◆ **Supplied records**

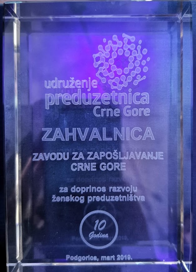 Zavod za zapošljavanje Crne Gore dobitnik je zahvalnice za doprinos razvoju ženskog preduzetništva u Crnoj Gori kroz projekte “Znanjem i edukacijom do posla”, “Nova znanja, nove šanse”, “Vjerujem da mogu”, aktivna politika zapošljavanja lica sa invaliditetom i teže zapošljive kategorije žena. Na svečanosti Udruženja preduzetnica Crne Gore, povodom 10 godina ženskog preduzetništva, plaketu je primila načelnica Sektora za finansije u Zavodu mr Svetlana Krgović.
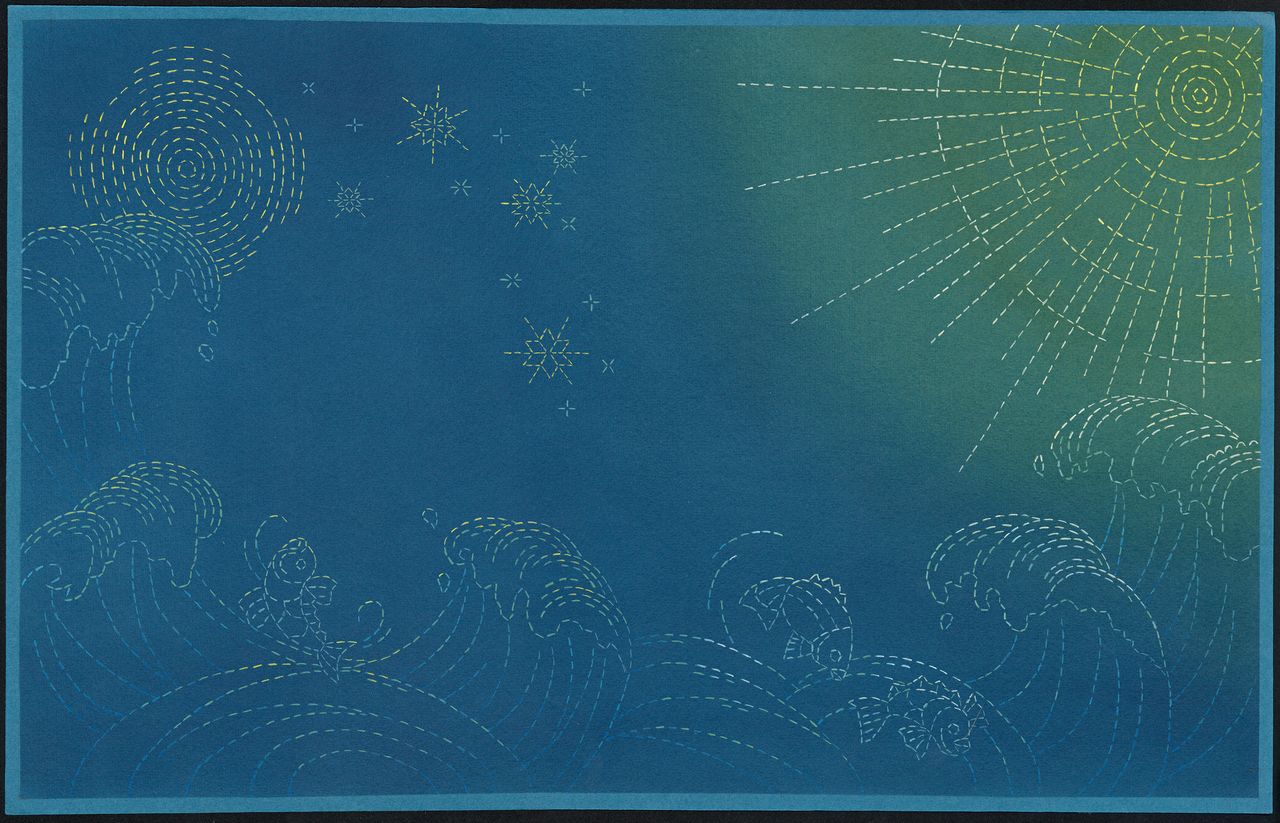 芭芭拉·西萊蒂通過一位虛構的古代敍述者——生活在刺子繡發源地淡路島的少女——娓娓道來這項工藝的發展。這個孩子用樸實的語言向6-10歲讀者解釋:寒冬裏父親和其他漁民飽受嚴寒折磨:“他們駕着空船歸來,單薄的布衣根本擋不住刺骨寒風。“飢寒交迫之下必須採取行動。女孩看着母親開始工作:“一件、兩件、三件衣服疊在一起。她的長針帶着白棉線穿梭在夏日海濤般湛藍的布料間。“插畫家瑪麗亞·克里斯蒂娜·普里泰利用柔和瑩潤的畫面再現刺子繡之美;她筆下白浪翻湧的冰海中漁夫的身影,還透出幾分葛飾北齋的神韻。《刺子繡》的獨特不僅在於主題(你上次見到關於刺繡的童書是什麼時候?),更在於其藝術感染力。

--

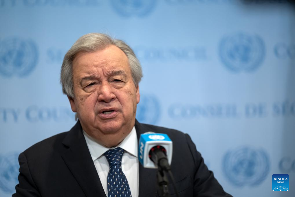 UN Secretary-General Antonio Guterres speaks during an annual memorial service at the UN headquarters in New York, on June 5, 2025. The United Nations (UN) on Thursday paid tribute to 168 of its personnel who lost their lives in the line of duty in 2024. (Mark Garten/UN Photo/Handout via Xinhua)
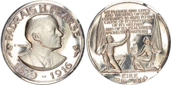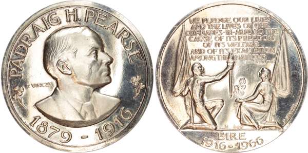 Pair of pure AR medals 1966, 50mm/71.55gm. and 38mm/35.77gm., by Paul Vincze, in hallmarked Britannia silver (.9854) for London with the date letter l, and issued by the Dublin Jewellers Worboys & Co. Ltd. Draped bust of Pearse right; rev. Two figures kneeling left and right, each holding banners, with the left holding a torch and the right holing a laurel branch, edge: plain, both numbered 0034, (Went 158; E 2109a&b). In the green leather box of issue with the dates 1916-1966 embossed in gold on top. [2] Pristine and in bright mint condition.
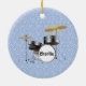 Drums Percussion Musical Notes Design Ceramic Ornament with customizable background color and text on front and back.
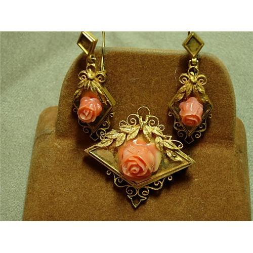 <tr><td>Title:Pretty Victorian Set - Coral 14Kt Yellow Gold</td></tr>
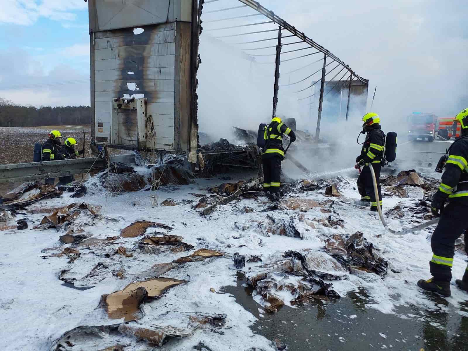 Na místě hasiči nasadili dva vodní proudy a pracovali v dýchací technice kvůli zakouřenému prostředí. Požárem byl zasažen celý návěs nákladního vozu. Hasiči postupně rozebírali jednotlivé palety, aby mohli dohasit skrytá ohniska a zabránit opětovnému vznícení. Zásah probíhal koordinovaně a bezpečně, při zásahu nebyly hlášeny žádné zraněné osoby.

...

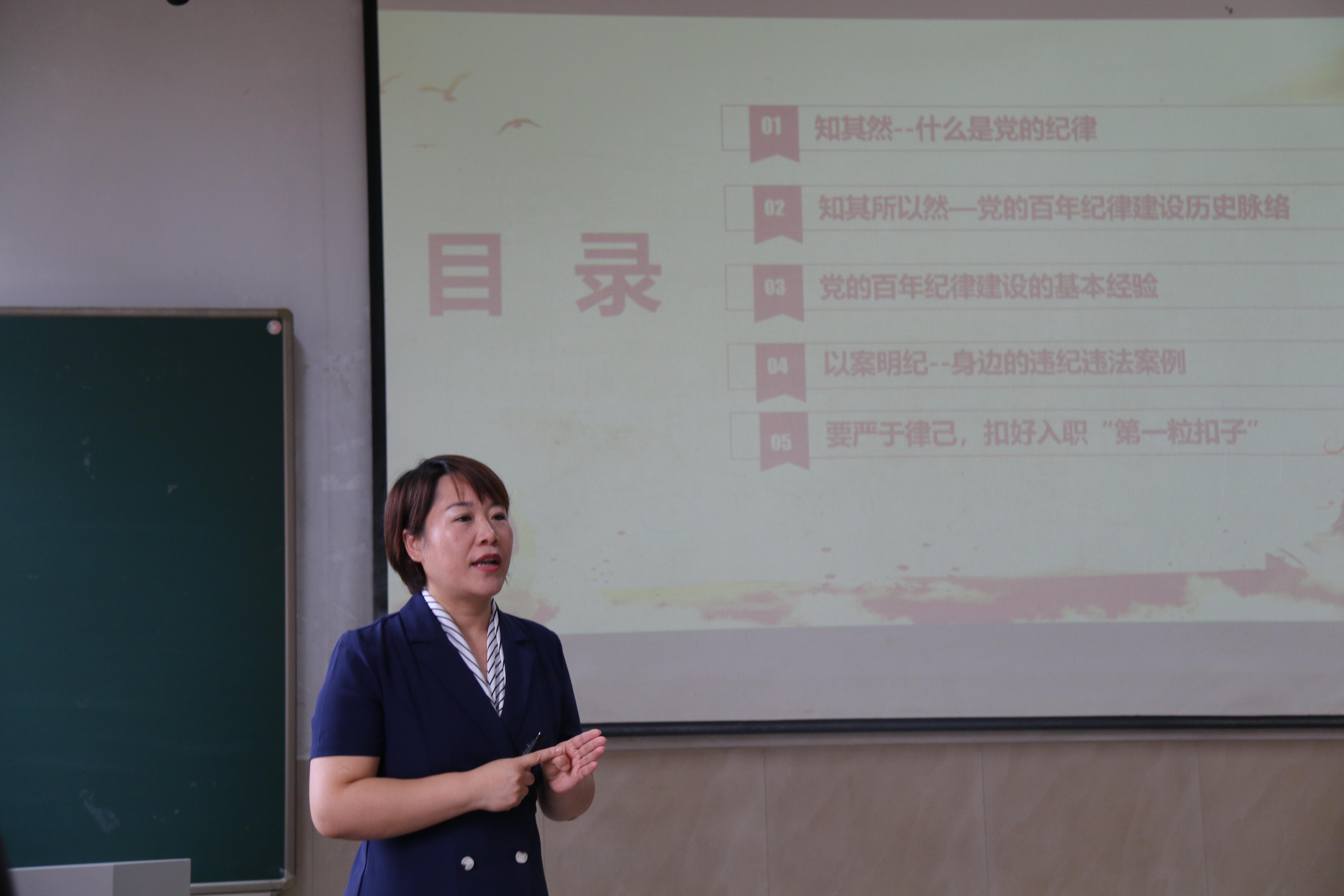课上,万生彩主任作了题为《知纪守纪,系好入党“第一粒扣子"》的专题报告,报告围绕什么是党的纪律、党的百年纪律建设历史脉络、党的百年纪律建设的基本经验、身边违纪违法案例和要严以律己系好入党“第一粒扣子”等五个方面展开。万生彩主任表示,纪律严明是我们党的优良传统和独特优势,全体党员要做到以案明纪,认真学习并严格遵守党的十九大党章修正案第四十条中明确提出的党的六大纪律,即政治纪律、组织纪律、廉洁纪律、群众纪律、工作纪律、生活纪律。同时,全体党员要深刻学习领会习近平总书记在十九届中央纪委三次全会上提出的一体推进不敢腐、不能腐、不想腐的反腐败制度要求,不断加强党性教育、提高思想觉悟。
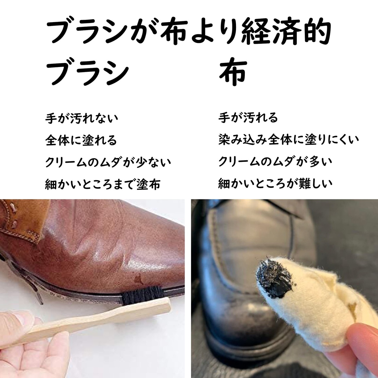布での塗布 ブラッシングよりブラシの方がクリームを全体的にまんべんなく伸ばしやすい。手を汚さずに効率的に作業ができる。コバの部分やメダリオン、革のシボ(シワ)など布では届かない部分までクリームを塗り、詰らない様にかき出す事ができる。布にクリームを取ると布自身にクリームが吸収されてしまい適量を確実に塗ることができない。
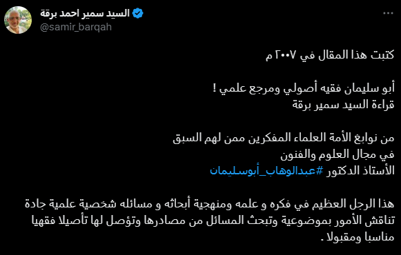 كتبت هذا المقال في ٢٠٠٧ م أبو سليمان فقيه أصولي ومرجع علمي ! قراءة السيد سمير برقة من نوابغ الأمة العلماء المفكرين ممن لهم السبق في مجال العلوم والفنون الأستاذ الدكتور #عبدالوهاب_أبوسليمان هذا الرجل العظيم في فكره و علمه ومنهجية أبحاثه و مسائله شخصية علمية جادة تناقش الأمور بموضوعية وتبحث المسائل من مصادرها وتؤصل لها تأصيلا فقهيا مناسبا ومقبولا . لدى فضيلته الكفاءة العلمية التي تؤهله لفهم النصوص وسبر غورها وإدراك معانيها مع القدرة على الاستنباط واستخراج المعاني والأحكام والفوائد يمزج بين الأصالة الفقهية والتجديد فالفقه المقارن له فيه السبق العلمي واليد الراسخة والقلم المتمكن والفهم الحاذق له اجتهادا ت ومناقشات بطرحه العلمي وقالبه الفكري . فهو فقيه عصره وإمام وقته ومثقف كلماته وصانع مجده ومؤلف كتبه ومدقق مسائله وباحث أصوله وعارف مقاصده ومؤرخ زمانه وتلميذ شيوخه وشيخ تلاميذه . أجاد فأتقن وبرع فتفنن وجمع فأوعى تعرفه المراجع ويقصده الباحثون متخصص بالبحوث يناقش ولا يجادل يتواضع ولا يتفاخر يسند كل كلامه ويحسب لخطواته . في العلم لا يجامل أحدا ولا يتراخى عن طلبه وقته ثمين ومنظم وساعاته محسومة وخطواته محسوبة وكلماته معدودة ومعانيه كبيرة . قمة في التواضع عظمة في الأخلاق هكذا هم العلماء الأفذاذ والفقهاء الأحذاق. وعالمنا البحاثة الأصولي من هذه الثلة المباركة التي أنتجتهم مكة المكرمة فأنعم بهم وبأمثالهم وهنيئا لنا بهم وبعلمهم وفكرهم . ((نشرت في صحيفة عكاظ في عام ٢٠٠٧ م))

◆ **Your assignment**
Although pictures appear among the records above, write out exactly only the lines from the one that has "<tr><td>Title:Pretty Victorian Set" through the one that has "Na místě hasiči", and leave the pictures out.

◆ **Answer**
 <tr><td>Title:Pretty Victorian Set - Coral 14Kt Yellow Gold</td></tr>
 Na místě hasiči nasadili dva vodní proudy a pracovali v dýchací technice kvůli zakouřenému prostředí. Požárem byl zasažen celý návěs nákladního vozu. Hasiči postupně rozebírali jednotlivé palety, aby mohli dohasit skrytá ohniska a zabránit opětovnému vznícení. Zásah probíhal koordinovaně a bezpečně, při zásahu nebyly hlášeny žádné zraněné osoby.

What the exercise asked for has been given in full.